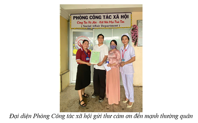 Vừa qua, Phòng Công tác Xã hội của bệnh viện đã tiếp nhận khoản hỗ trợ trị giá 80.000.000 đồng (tám mươi triệu đồng) từ anh Huỳnh Thanh Quang – một mạnh thường quân giàu lòng nhân ái, luôn dành trọn tình cảm cho người bệnh nghèo. Khoản hỗ trợ này đã được đại diện Phòng Công tác Xã hội phối hợp cùng anh Quang trao tận tay đến những người bệnh đang điều trị tại các khoa: Khoa Thận, Khoa Nhi và Khoa Ngoại Chỉnh hình.
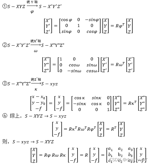 已知xi',yi',Xi,Yi,Zi,x0,y0,f , 求Xs,Ys,Zs,ai,bi,ci
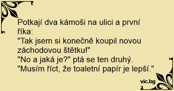 Říká policista kolegovi: „Včera jsem si koupil záchodovou štětku.” „No a jaká je?” „Mám-li říct pravdu, toaletní papír je lepší!”
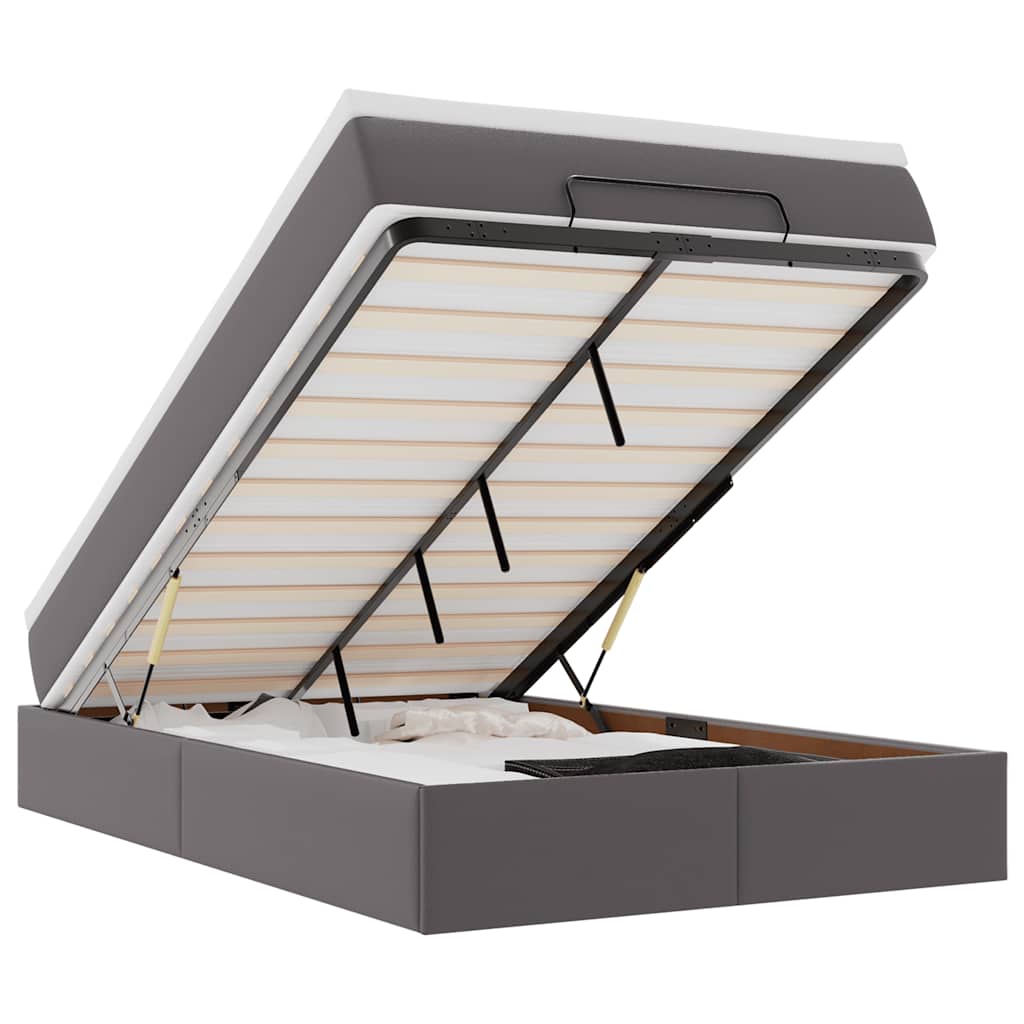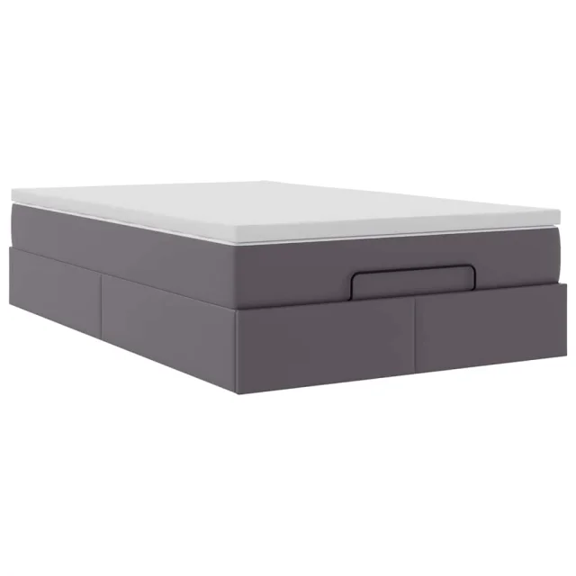 vidaXL Otomanski posteljni okvir z vzmetnico siv 120x200 cm um. usnje

### ASSIGNED TASK
Without the pictures, repeat exactly the lines running from the line containing "Říká policista kolegovi: „Včera" through the end of the data, both ends included.

### SOLUTION TO THIS EXERCISE
 Říká policista kolegovi: „Včera jsem si koupil záchodovou štětku.” „No a jaká je?” „Mám-li říct pravdu, toaletní papír je lepší!”
 vidaXL Otomanski posteljni okvir z vzmetnico siv 120x200 cm um. usnje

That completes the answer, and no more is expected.